Raven's Peace Page 10
“Report,” Henry demanded as the alerts on his screens faded.
“It breached the shield but missed the hull,” Song reported after several seconds of silence. “I repeat, we have blowthrough, but we do not have impact.”
“And she’s not getting a second chance,” Ihejirika said. “Her casing chamber just shattered. She can’t charge a second shot.”
Henry glanced across his screens and displays, taking in the situation. In a few seconds, the lasers would start…but the bandits had already lost. They had to know that.
“Moon, send a surrender demand,” he ordered. “Their surprise failed and their gunships are gone. Let’s see if we can end this without any more bloodshed.”
“Do we hold fire?” Ihejirika asked.
For a moment, Henry was tempted…but much as he wanted to dismiss the escorts, the truth was that each of them carried four beams powerful enough to wreck Raven if they made it through the shield.
He couldn’t take the risk.
“No,” he told his tactical officer. “If a ship stops shooting, we stop shooting at it…but so long as they’re firing, keep pounding them.”
“Range in ten seconds.” There was a pause. “Do we wait for them to fire first?”

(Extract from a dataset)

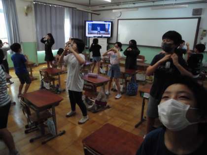 CCタイムはいつも算数の力をしていますが,体育参観日も近いということで全校ダンスの練習にも励んでいます。

“Unless they’ve stopped shooting missiles and I didn’t notice it, no,” Henry said dryly.
“Firing!”
Raven shivered again as the main gun fired. This time, the lasers joined in. They’d be more effective at closer ranges, but no one was going to enjoy being tapped at a quarter-million klicks.
“Laser strikes across the shield and they’re continuing to pound us with missiles,” Iyotake noted. “Recommend ceasing antimissile engagement to preserve power for the main beams.”
“Agreed,” Henry replied. “Pull them in, XO.”
At this range, the missiles had the same problem as the starfighter missiles had had earlier. They didn’t have time to build up velocity, but they also didn’t have nearly as far to go—and shipboard missiles were launching with a base velocity of a thousand kilometers a second.
“Direct hit,” Ihejirika reported. “Conversion round amidships, hit multiple times with both lasers…target has lost engine power and ceased fire. Switching to target two.”
Henry checked the screens and nodded. His crew might not be as smooth a machine as he’d like, but they knew what they were doing. Raven’s lasers walked their way across their new target as the three remaining escorts threw everything they had at her.
“Good news?” Iyotake said quietly. “They’ve run out of whatever the hell those missiles they had earlier were. All we’re seeing now is conversion warheads.”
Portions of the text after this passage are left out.